Early CD4+ T cell reconstitution predicted non-relapsing mortality and overall survival (OS) in pediatric patients who received an allogeneic hematopoietic stem cell transplant (HCT) and developed acute graft-versus-host disease (GVHD), according to our research published recently in the journal Blood.

The findings suggest that patients with inadequate CD4+ immune reconstitution who develop acute GVHD may benefit from individualized treatment strategies, such as prolonged prophylaxis or more aggressive therapy, to improve their odds of survival.

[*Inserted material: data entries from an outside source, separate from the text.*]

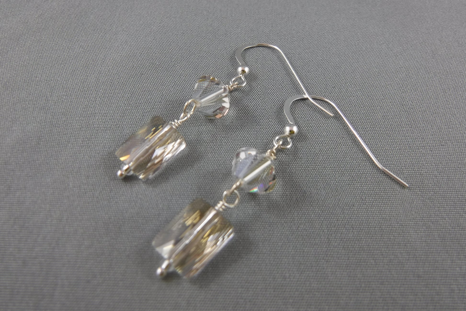 "Silver Shade" Swarovski crystals: faceted rectangles and bicones, with Sterling Silver ear wires
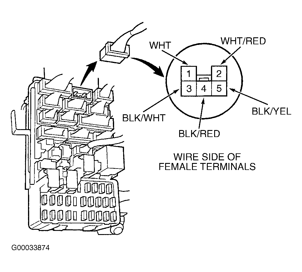 Disconnect negative battery cable. Remove driver's side lower instrument panel cover and knee bolster. Disconnect 5-pin connector from underdash fuse/relay box. Using an ohmmeter, check continuity between specified connector terminals, with ignition switch in appropriate position. See Fig 1 and Fig 2 . If continuity is not as specified, replace ignition switch.
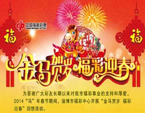 為答謝廣大彩友長期以來對淄博市福彩事業的支持和厚愛,2014年馬年春節期間,淄博市福彩中心針對電腦票隆重推出“金馬賀歲 福彩迎春”大型回饋活動。
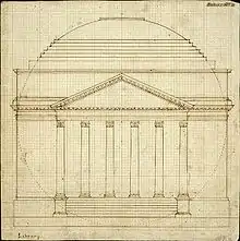 In colonial Virginia during the 18th century there were no schools of architecture, so Jefferson learned the trade on his own from various books and by studying some of the various classical architectural designs of the day. As a self-taught architect and classicist, he was most heavily influenced by the Italian revivalist architect Andrea Palladio (1508–1580). His "bible" was Andrea Palladio's The Four Books of Architecture, which taught him the basic principles of classical design.[1][2] Jeffersonian architecture is therefore perhaps best described as "Palladian" in inspiration.[3]
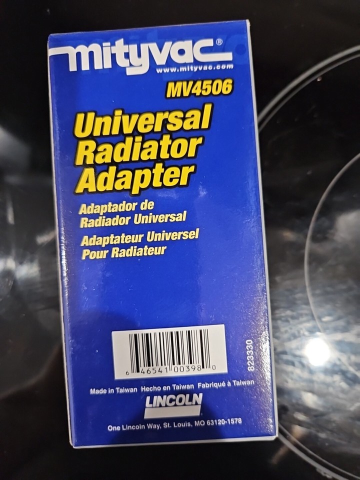 Mityvac MV4508 Universal Cooling System Adapter Universal Cooling System Adapter The mv4508 universal cooling system adapter is simple and quick to install in virtually any radiator or coolant reservoir neck. Simply attach the radiator adapter from your standard kit to the inlet side of our universal adapter, to create a pressure tester. Universal cooling system adapter is simple and quick to install in virtually any radiator or coolant reservoir neck.. Universal Cooling System Adapter.
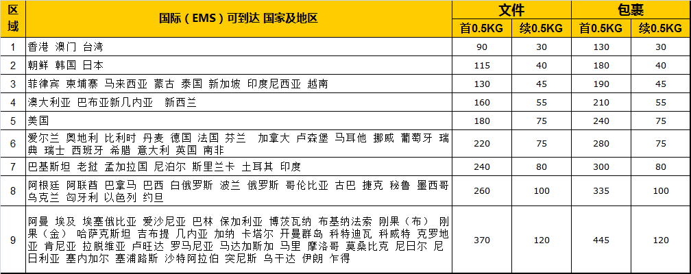 提示:具體通達(dá)國家及重量,尺寸標(biāo)準(zhǔn)來電咨詢!EMS報價變動性較大,交貨時請來電咨詢! 所有EMS出口件只包出口,不包目的地海關(guān)清關(guān)與簽收結(jié)果!
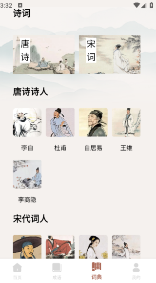 4. 点击页面下方的‘词典’,即可看到诗词页面;
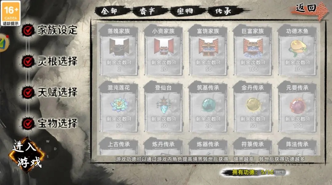 花费五功德,忽略未使用完的功德直接进入游戏。剩余功德在局内选蓝色天赋精气旺盛,花费五功德。过完新手教程后,解锁五个红尘塔挂上弟子搞灵水,再将田升到最高级,用水催生聚灵草,让炼丹属性最高的弟子练修为药,注意别让丹毒为零。

In our dual center analysis, we retrospectively studied outcomes for 591 patients who received an allogeneic HCT at MSK Kids (315 patients), or the Wilhelmina Children’s Hospital or the Princess Máxima Center for Pediatric Oncology (UMC/PMC) in Utrecht, the Netherlands (276 patients). We examined non-relapse mortality and OS and stratified results by whether CD4+ T cell reconstitution achieved or did not achieve a threshold level of 50 cells/uL within 100 days after HCT or before the onset of acute GVHD. (1)

For patients with severe acute GVHD (grades III-IV) with or without threshold CD4+ T cell reconstitution within 100 days after HCT, non-relapse mortality was 5 percent versus 67 percent (p = 0.02) at MSK Kids and 30 percent versus 80 percent (p = 0.02) at UMC/PMC. In both cohorts, OS was inferior for patients with inadequate versus adequate CD4+ T cell reconstitution before the onset of acute GVHD: 33 percent versus 75 percent (p = 0.12) at MSK Kids and 20 percent versus 61 percent (p = 0.04) at UMC/PMC. (1)

Thus, early CD4+ T cell reconstitution is a simple, robust marker predictive of outcomes after HCT. These results were striking, given that they were similar for two independent centers using distinct transplantation strategies: UMC/PMC exclusively performed T replete HCT, and MSK Kids performed both T replete and ex vivo T cell depleted HCT.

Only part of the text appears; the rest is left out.